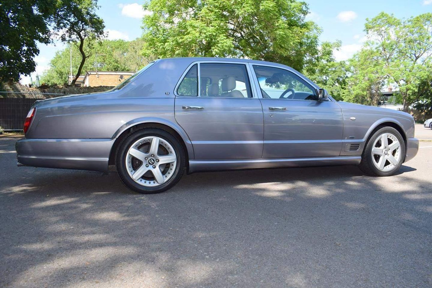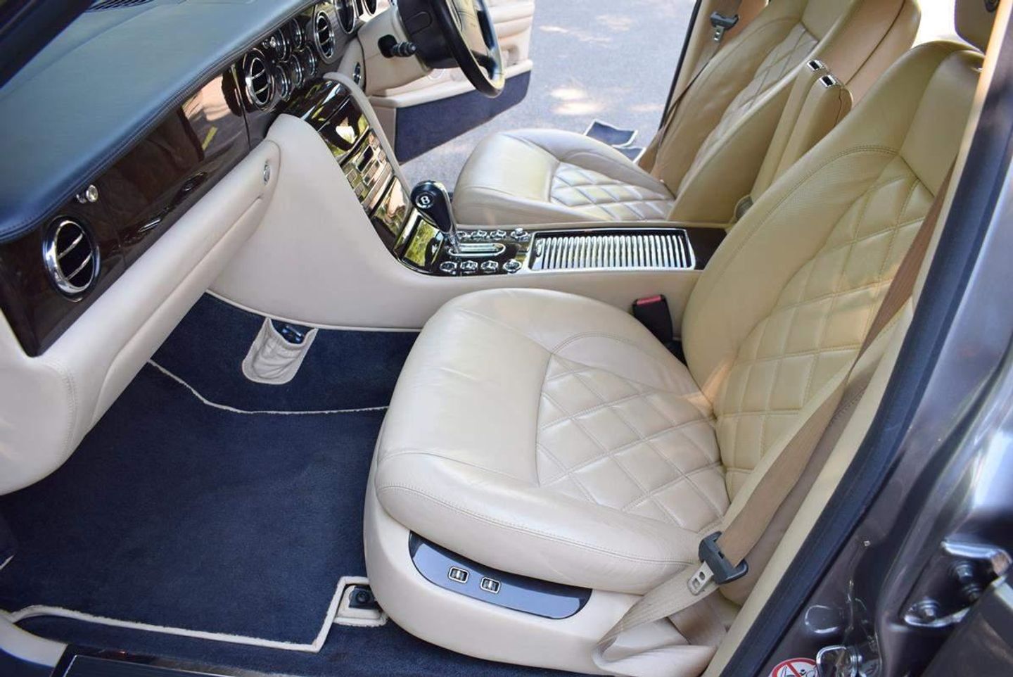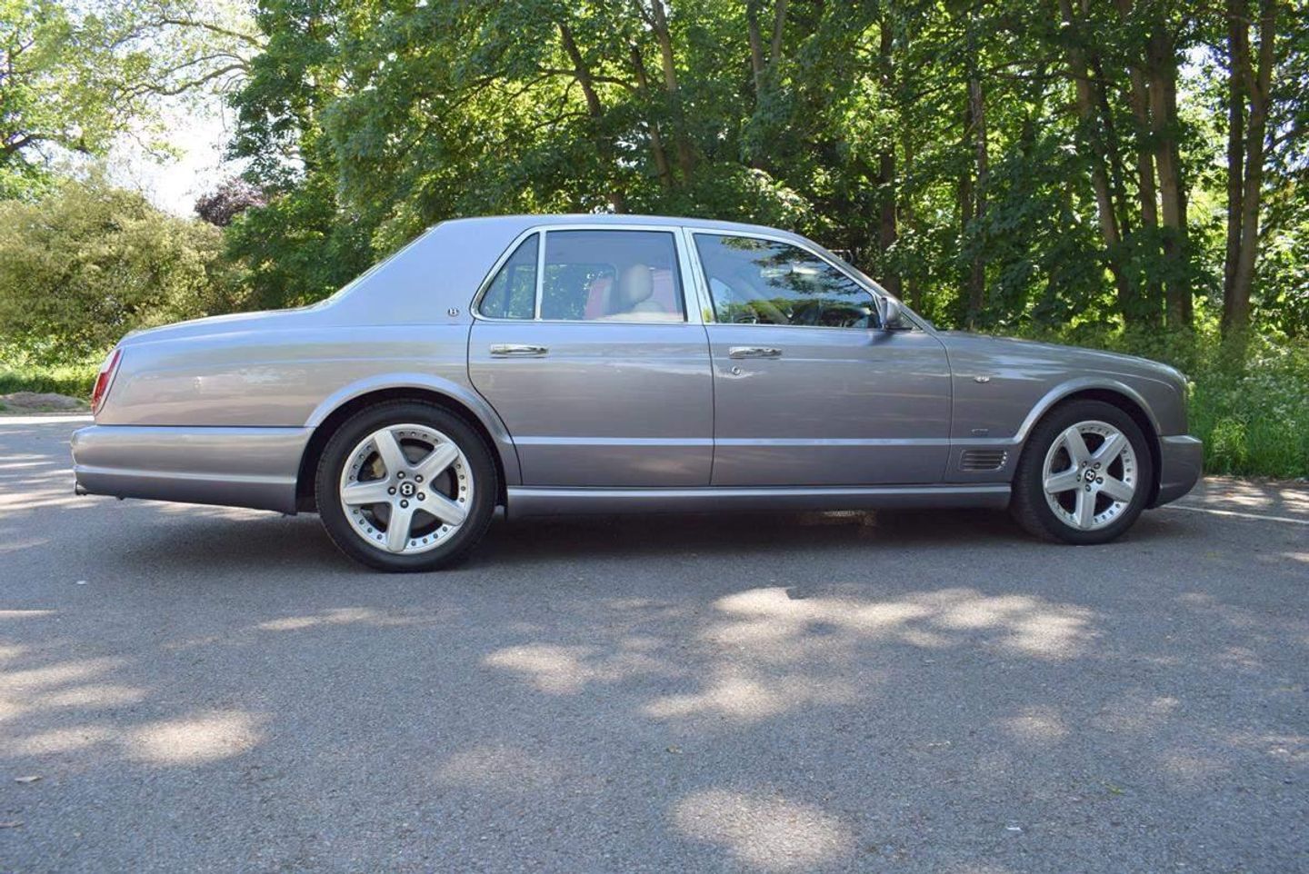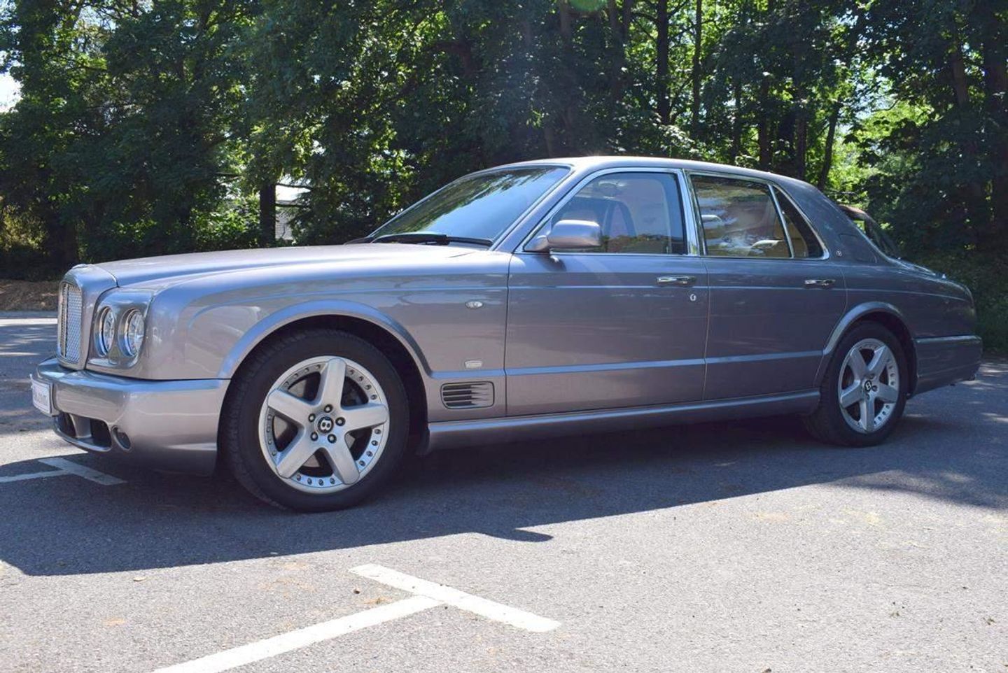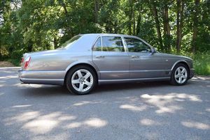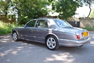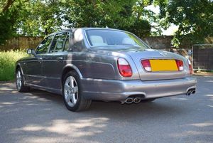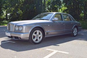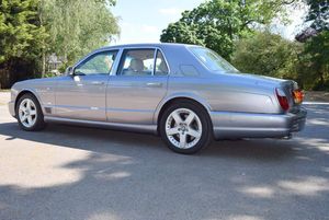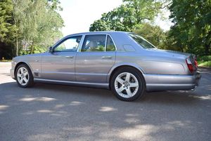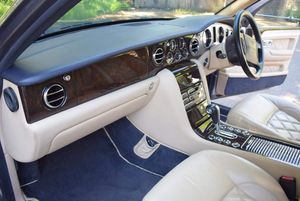 This is one of our 50 Bentleys in stock: 2005 Model/54 Bentley Arnage T Mulliner. Finished in Silver Tempest with 19 inch split rim alloys, Mulliner wing vents and quad exhausts, with Magnolia interior, with contrasting stitching and Flying B's with French Navy carpets piped in Magnolia. Vanity mirrors and turned alloy inserts on waistrails and dash, immaculate condition throughout.Please see our website www.hanwells.com to view our full selection.
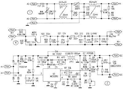 MC33262是一款可靠且成本低廉的功率因数校正芯片,其应用电路如图2所示。市电经电源滤波器和整流器得到脉动直流电。电流通过启动电阻R10向C2充电至10V时,IC1开始工作。整流后的直流脉动电压在R5的分压作为取样信号经IC1的③脚输入乘法器。直流输出电压在R6和WR上的分压经①脚输至误差放大器的反相输入端,与2.5V的参考电压比较放大后输出一个直流误差电压,同时也输入到乘法器。通过功率开关MOSFET的电流在源极电阻R9上转换为电压信号,输入到IC1的④脚,并与乘法器的输出电压进行比较。随AC电压从零到峰值正弦地通过,乘法器的输出电压控制IC④脚的阀值,从而使Q1的峰值电流跟踪AC输入电压,致使校正电路的负载呈电阻性。
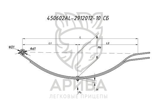 Рессора на прицеп МЗСА (ЧМЗ), 2-х листовая, 45х6х2L, г/п 180кг
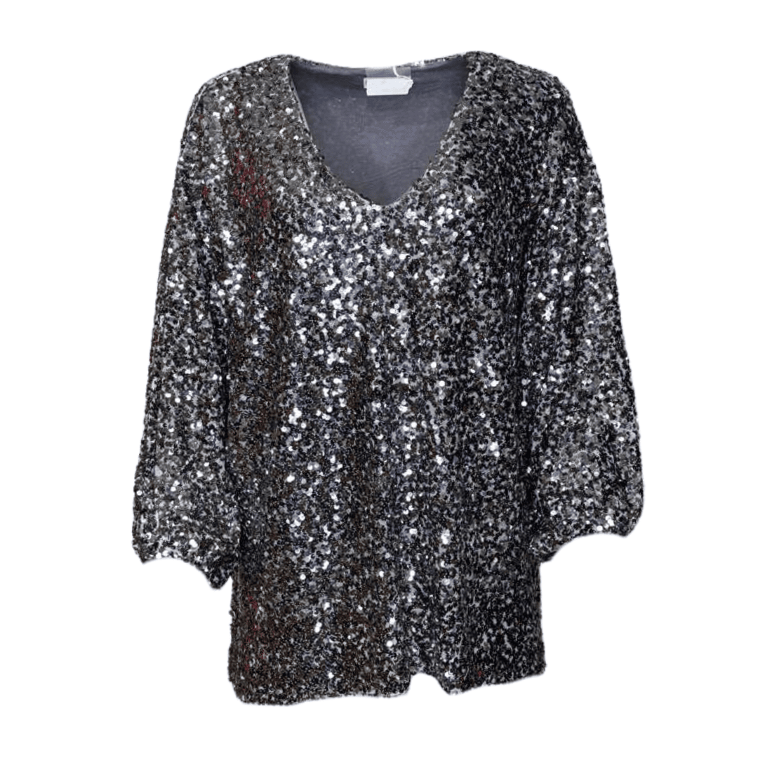 Feminine and stylish, this metallic grey sequin top features a flattering V-neckline, flowing bat sleeves, and a relaxed silhouette. Fully lined for comfort, it’s a shimmering statement piece with effortless elegance.
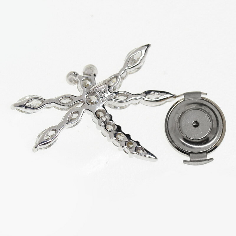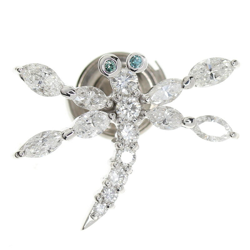 【ジュエリー】ダイヤモンド 1.01ct トンボ とんぼ 蜻蛉 ドラゴンフライ タイタック ネクタイピン ピンブローチ K18WG トリートブルーダイヤ【中古】ZPZ
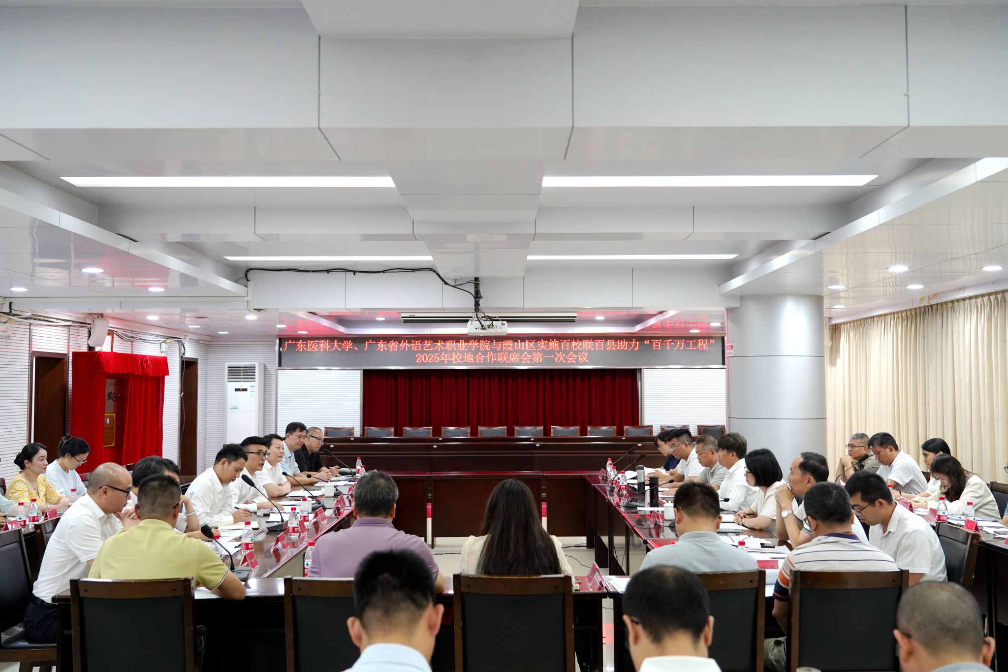 为深入贯彻落实广东省“百县千镇万村高质量发展工程”部署,深化校地、校校合作协同,5月28日晚,ac米兰官网中文网站、广东省外语艺术职业学院与霞山区政府联合召开“双百行动”2025年校地合作第一次联席会议,会议全面总结了上半年取得的阶段性成果,共商下一阶段重点任务。校地三方及相关单位负责同志参加会议。

★ ★ ★ ★ ★

Each line from the one that contains "MC33262是一款可靠且成" down to the one that contains "Feminine and stylish, this" is to be returned exactly as it stands above, both ends included, with pictures removed.

## Result of this exercise
 MC33262是一款可靠且成本低廉的功率因数校正芯片,其应用电路如图2所示。市电经电源滤波器和整流器得到脉动直流电。电流通过启动电阻R10向C2充电至10V时,IC1开始工作。整流后的直流脉动电压在R5的分压作为取样信号经IC1的③脚输入乘法器。直流输出电压在R6和WR上的分压经①脚输至误差放大器的反相输入端,与2.5V的参考电压比较放大后输出一个直流误差电压,同时也输入到乘法器。通过功率开关MOSFET的电流在源极电阻R9上转换为电压信号,输入到IC1的④脚,并与乘法器的输出电压进行比较。随AC电压从零到峰值正弦地通过,乘法器的输出电压控制IC④脚的阀值,从而使Q1的峰值电流跟踪AC输入电压,致使校正电路的负载呈电阻性。
 Рессора на прицеп МЗСА (ЧМЗ), 2-х листовая, 45х6х2L, г/п 180кг
 Feminine and stylish, this metallic grey sequin top features a flattering V-neckline, flowing bat sleeves, and a relaxed silhouette. Fully lined for comfort, it’s a shimmering statement piece with effortless elegance.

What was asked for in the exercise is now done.